* _Your task_
If pictures appear among the lines below, leave them out while you return exactly the lines from the one with "ハートパールリボンとレース重ね丸襟のハートボタン半袖ブラウス 黒" through the one with "4月22日,生態(tài)管護員達杰(左)和尕次在撿垃圾。新華社記者 央秀達珍 攝".

* _Task data_
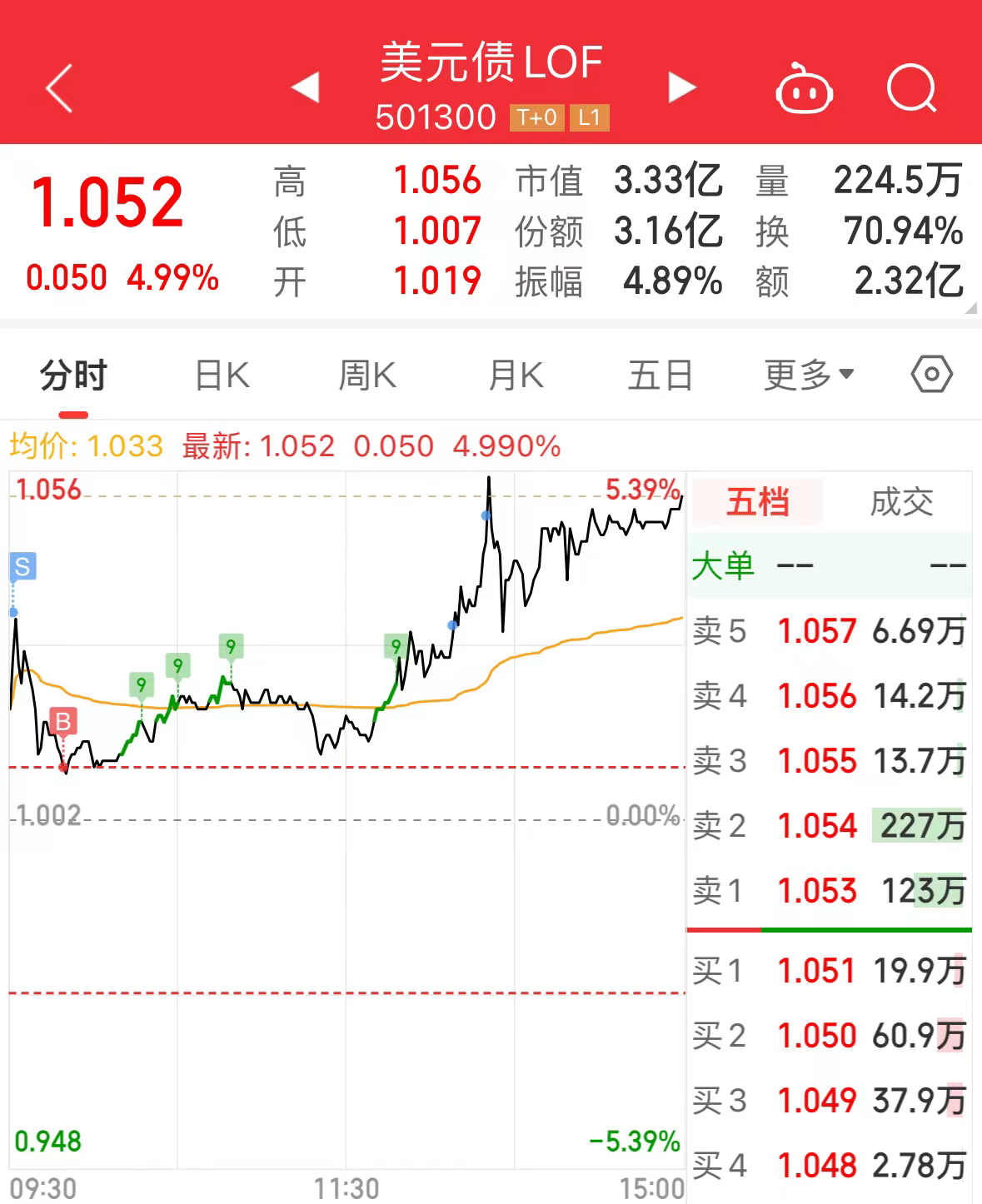 1、美元债lof,1.034卖出1/2,1.01接回,1.034再减1/2,1.049清仓。
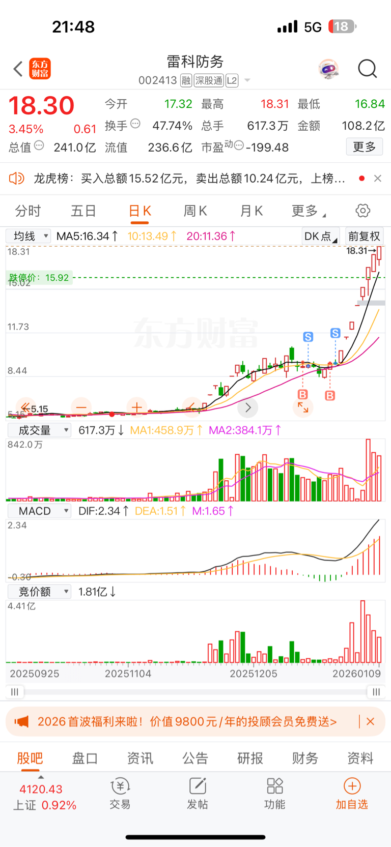 $雷科防务(SZ002413)$ 在坐的各位都得谢谢我
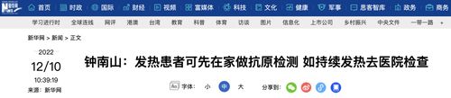 钟南山:发热患者可先在家做抗原检测,如持续发热去医院检查近期,一些城市医院发热门诊患者明显增加。……
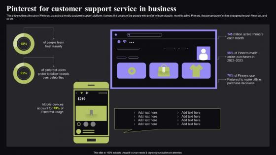 This slide outlines the use of Pinterest as a social media customer support platform. It covers the details of the people who prefer to learn visually, monthly active Pinners, the percentage of online shopping through Pinterest, and so on. The best PPT templates are a great way to save time, energy, and resources. Slidegeeks have 100 percent editable powerpoint slides making them incredibly versatile. With these quality presentation templates, you can create a captivating and memorable presentation by combining visually appealing slides and effectively communicating your message. Download Pinterest For Customer Support Service In Business Video Conferencing In Corporate Icons Pdf from Slidegeeks and deliver a wonderful presentation. This slide outlines the use of Pinterest as a social media customer support platform. It covers the details of the people who prefer to learn visually, monthly active Pinners, the percentage of online shopping through Pinterest, and so on.
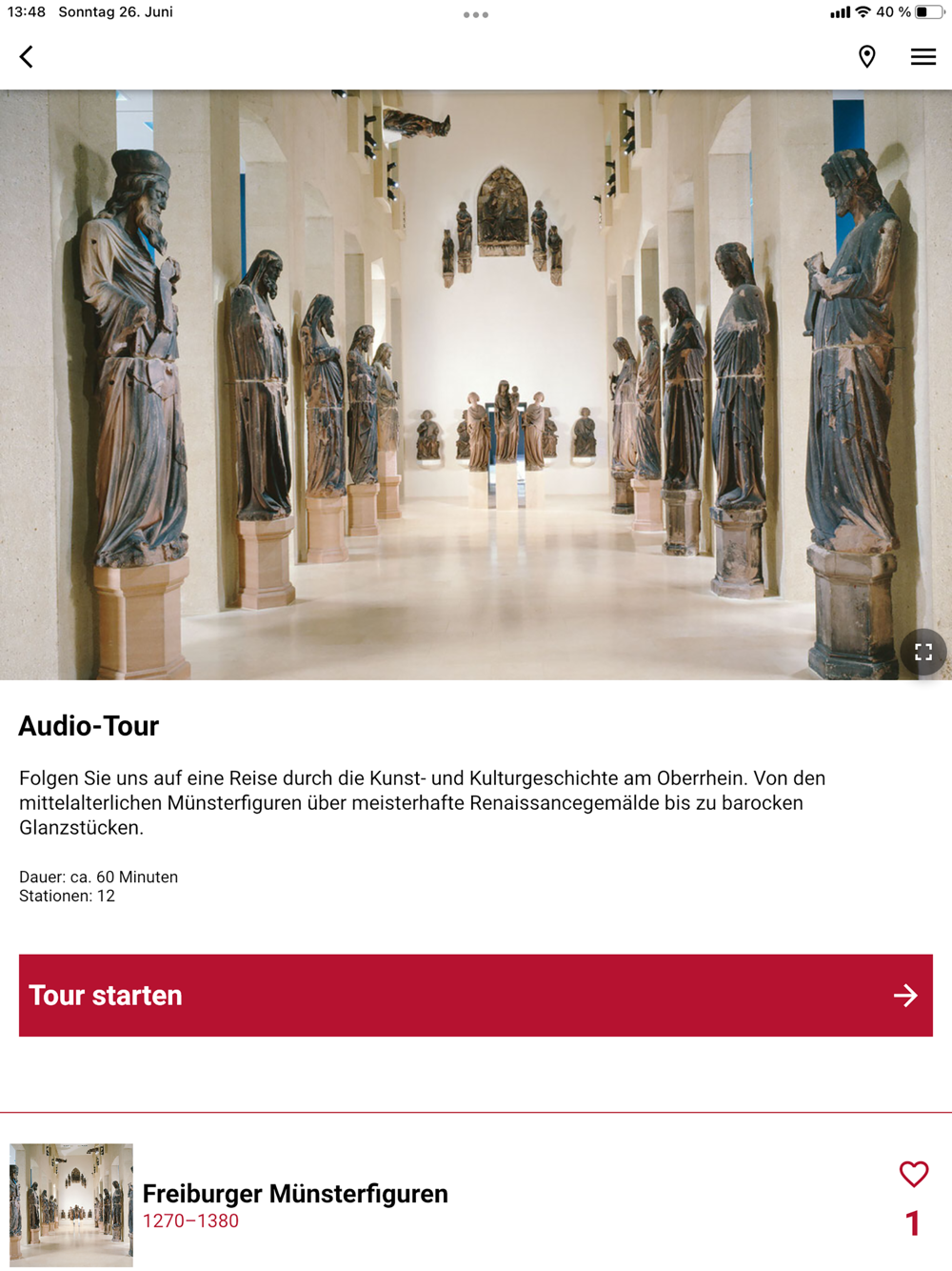 Entdecken Sie das Augustinermuseum: Je nach eigenen Interessen und verfügbarer Zeit gibt es die passende Tour für Sie! Mit der geführten Audio-Thementour „Mittelalter und Barock“ geht es auf eine Reise durch die Kunst- und Kulturgeschichte am Oberrhein – diese ist auch auf Englisch und Französisch verfügbar. Ob in Gebärdensprache, leichter Sprache oder Audiodeskription – in der App gibt es zahlreiche inklusive Angebote. Wer lieber der Nase nach durchs Museum flaniert, kann die App nutzen, um Neues zu entdecken und sich Werke in der Nähe anzeigen lassen. Zur Technik, Restaurierungsgeschichte, zum Leben des Künstlers oder zur Kunst- und Kulturgeschichte des Werks – unterschiedliche Fokusse vertiefen und bereichern das Museumserlebnis. Junge Museumsfans im Alter von 8 bis 12 Jahren können sich mit August und Tina auf eine spannende Tour zu den Highlights begeben und dabei spielerisch Wissen und Geschick unter Beweis stellen.
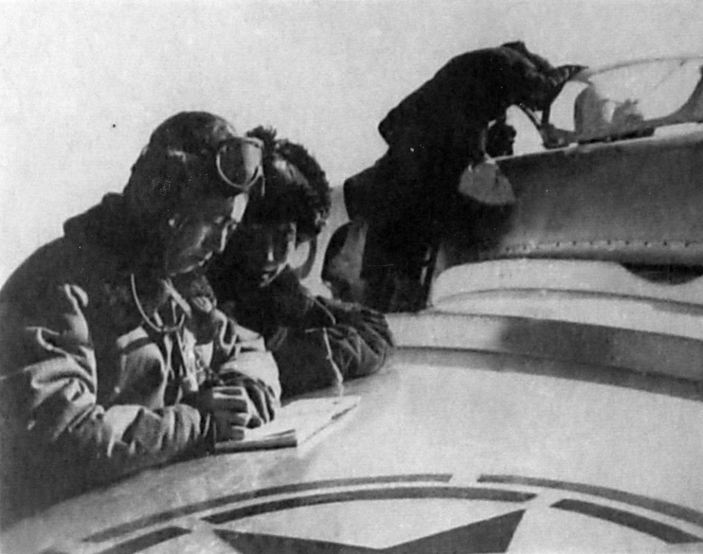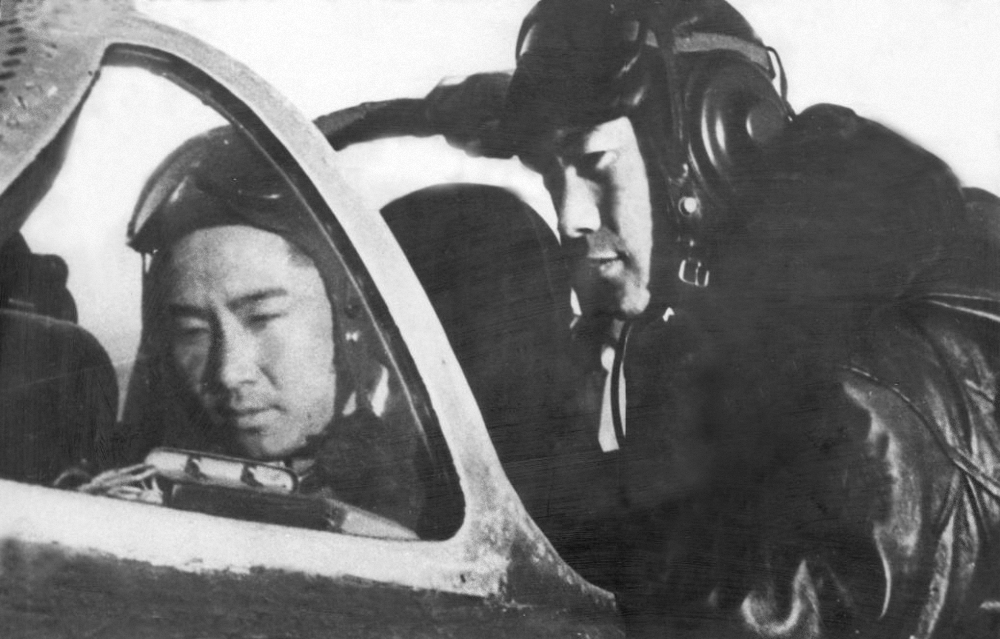 ↑志愿軍航空兵某團(tuán)兩名飛行員一同研究裝備。(資料照片)
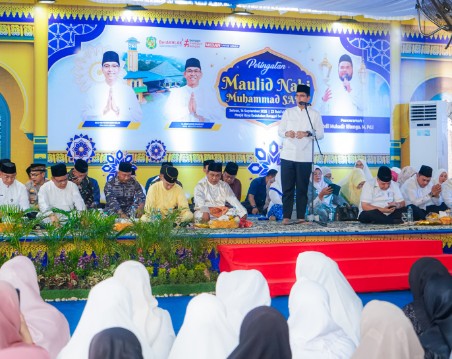 Peringatan Maulid Nabi Muhammad SAW ini turut dihadiri Sultan Deli, Mahmud Aria Lamantjiji Perkasa Alam Shah, unsur Forkopimda Kota Medan, Sekda Kota, Medan Wiriya Alrahman, Datuk Syahlafati Ichsan Seri Indera Pahlawan, para alim ulama, pimpinan Perangkat Daerah, Camat beserta Lurah. (Sarwo/red)
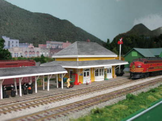 Paul’s home layout is the Northern Vermont Railway. Constructed in his basement in a 35’ x 12.5’ room, the NVR is a freelanced HO scale model railroad set in October, 1954. It’s an East-West line with its western terminal at Adams, Vermont. It runs east through northern Vermont and terminates in Hamilton, New Hampshire. There are four major interchange points with prototype railroads. The D&H interchanges with the NVR via a car ferry operation that docks at Adams Terminal located in Adams. The Canadian National & Central Vermont Railways enter the NVR main line at St. Jean Junction and have running rights into Franklin, Vermont. The Canadian Pacific Railway plus the Boston & Maine enter the NVR main line at Granite Junction and have running rights into Franklin, Vermont. The Maine Midland Railroad plus the Bangor & Aroostook Railroad enter the NVR Bedford Branch Line at Birch Junction. They travel down the NVR Bedford Branch and NVR main line to interchange at Hamilton, New Hampshire. The CNR, CVR, CPR, B&M, MMR and BAR are staged from yards in adjacent rooms. There are three car ferries to handle the D&H interchange traffic. The room size is 35’ by 12.5’. The NVR main line travels around the room twice crossing the room entrance on bridges mounted on a swing out section. Most visible track work including nearly 100 turnouts is hand-laid on individual wooden ties using code 100, 83 and 70 rail. A North Coast Engineering 5 amp Power Pro system provides DCC control. Most locomotives are sound equipped. The NVR diesel power includes: F3’s, NW-2’s, BL-2’s and GP 7’s all custom painted in maroon, red and black with gold lettering. The steam locomotives remaining on the roster include: 2-8-0 Consolidations, 2-8-2 Mikados, 4-8-2 Mountains plus 0-6-0 and 0-8-0 switchers.
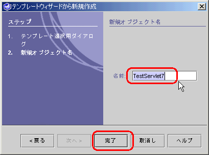 名前を指定して[完了]。これだけ。ここで指定した名前はサーブレットのクラス名になります。
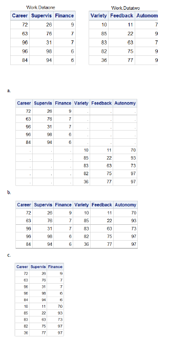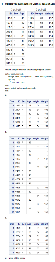The DATA step uses the IN= data set option, and the subsetting IF statement excludes unmatched observations from the output data set. So, answers a and b, which contain unmatched observations, are incorrect.
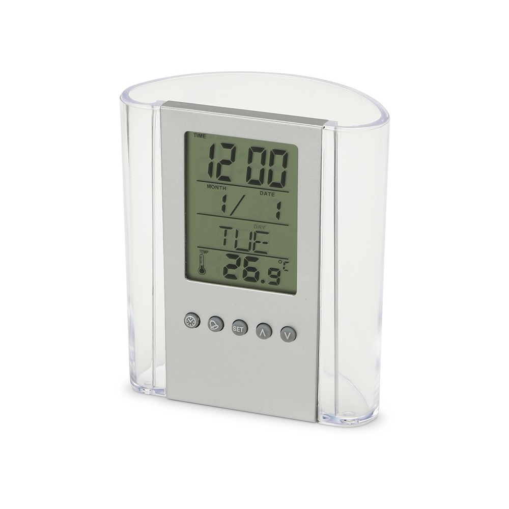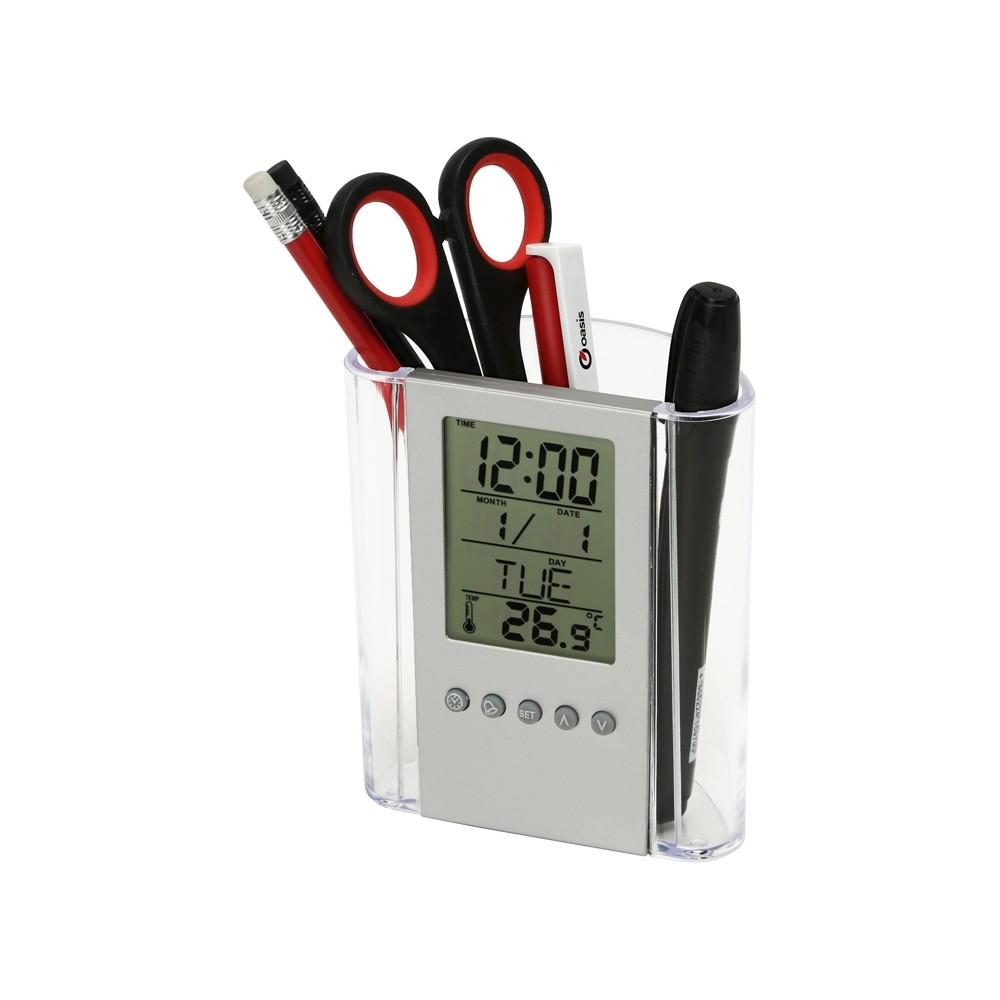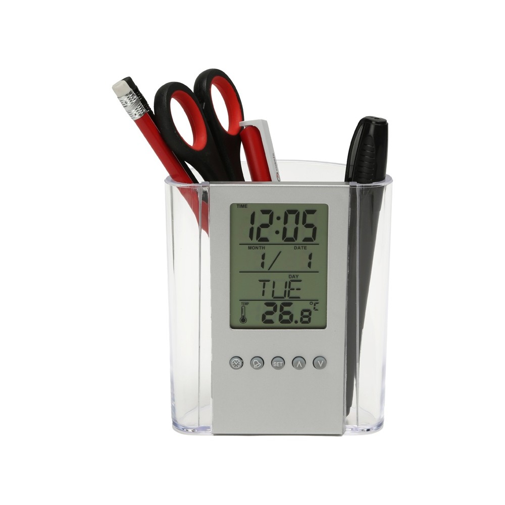 Чрезвычайно практичный элемент Вашего рабочего стола подскажет время, температуру и даже дату, а ещё вместит в себя канцелярские принадлежности. Часы оснащены будильником. Полный порядок на столе плюс комфорт за приемлемую цену.
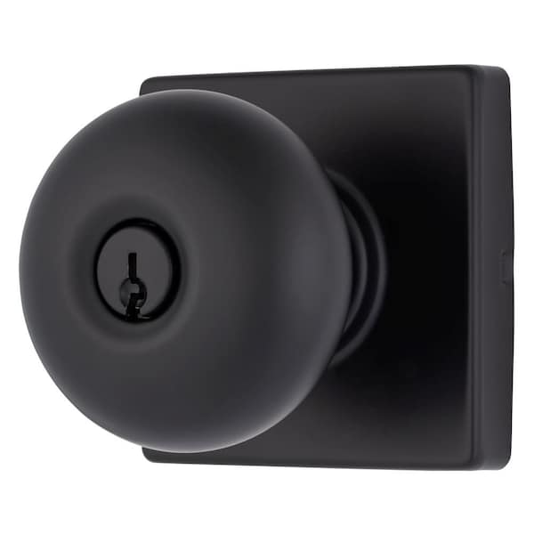 Mendocino Series Keyed Entry Contemporary Ball Knob Square Rose Matte Black Finish
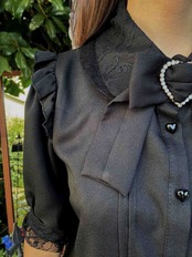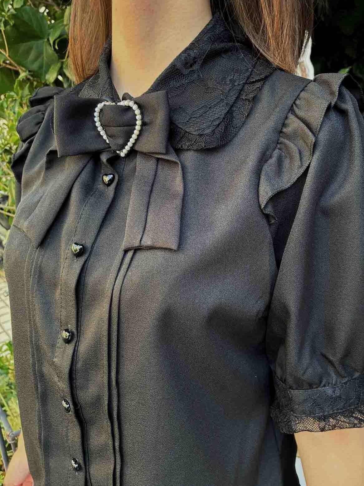 ハートパールリボンとレース重ね丸襟のハートボタン半袖ブラウス 黒
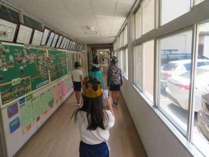 5年生、6年生の企画委員のこどもたちが、全校みんなで楽しめる「全校遊び」の準備を放課を使って行っていました。みんなが外で遊んでいる時間を使って、みんなが楽しめるようにがんばっている企画委員の子どもたちです。
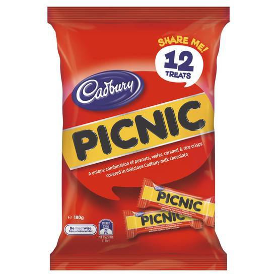Cadbury Picnic is a delicious combination of crunchy peanuts, crispy wafer, chewy caramel, and juicy dried grapes, all covered in a layer of rich Cadbury milk chocolate. The unique texture and mix of flavors create a satisfying and indulgent snack. This share pack contains 12 individually wrapped bars, making it perfect for sharing with family and friends or enjoying on the go.
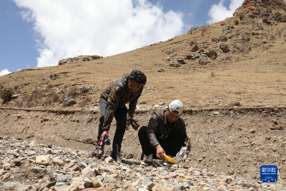4月22日,生態(tài)管護員達杰(左)和尕次在撿垃圾。新華社記者 央秀達珍 攝
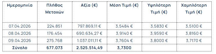 Η «Τράπεζα Eurobank Ανώνυμη Εταιρεία» (εφεξής η «Eurobank» ή η «Τράπεζα»), σε συνέχεια της από 12.12.2025 ανακοίνωσής της σχετικά με την έναρξη εφαρμογής του Προγράμματος Επαναγοράς Ιδίων Μετοχών («Πρόγραμμα»), το οποίο εγκρίθηκε με την απόφαση της Έκτακτης Γενικής Συνέλευσης των Μετόχων της Τράπεζας στις 22.10.2025, σύμφωνα με το άρθρο 49 του ν. 4548/2018, σε συνέχεια του αντίστοιχου προγράμματος της «Eurobank Ergasias Υπηρεσιών και Συμμετοχών Ανώνυμη Εταιρεία» («Eurobank Holdings») που θεσπίστηκε με την απόφαση της από 30.04.2025 Τακτικής Γενικής Συνέλευσης των Μετόχων της τελευταίας, και σε συνέχεια της από 22.10.2025 απόφασης του Διοικητικού Συμβουλίου της, ενημερώνει το κοινό ότι κατά το διάστημα 07.04.2026 – 09.04.2026 απέκτησε συνολικά, στο πλαίσιο του Προγράμματος, 677.073 μετοχές εκδόσεως της ιδίας («Ίδιες Μετοχές») που διαπραγματεύονται στο Χρηματιστήριο Αθηνών («Χ.Α.»), με μέση τιμή κτήσης €3,7300 ανά μετοχή και συνολικό κόστος €2.525.514,49.

* _Task solution_
 ハートパールリボンとレース重ね丸襟のハートボタン半袖ブラウス 黒
 5年生、6年生の企画委員のこどもたちが、全校みんなで楽しめる「全校遊び」の準備を放課を使って行っていました。みんなが外で遊んでいる時間を使って、みんなが楽しめるようにがんばっている企画委員の子どもたちです。
Cadbury Picnic is a delicious combination of crunchy peanuts, crispy wafer, chewy caramel, and juicy dried grapes, all covered in a layer of rich Cadbury milk chocolate. The unique texture and mix of flavors create a satisfying and indulgent snack. This share pack contains 12 individually wrapped bars, making it perfect for sharing with family and friends or enjoying on the go.
4月22日,生態(tài)管護員達杰(左)和尕次在撿垃圾。新華社記者 央秀達珍 攝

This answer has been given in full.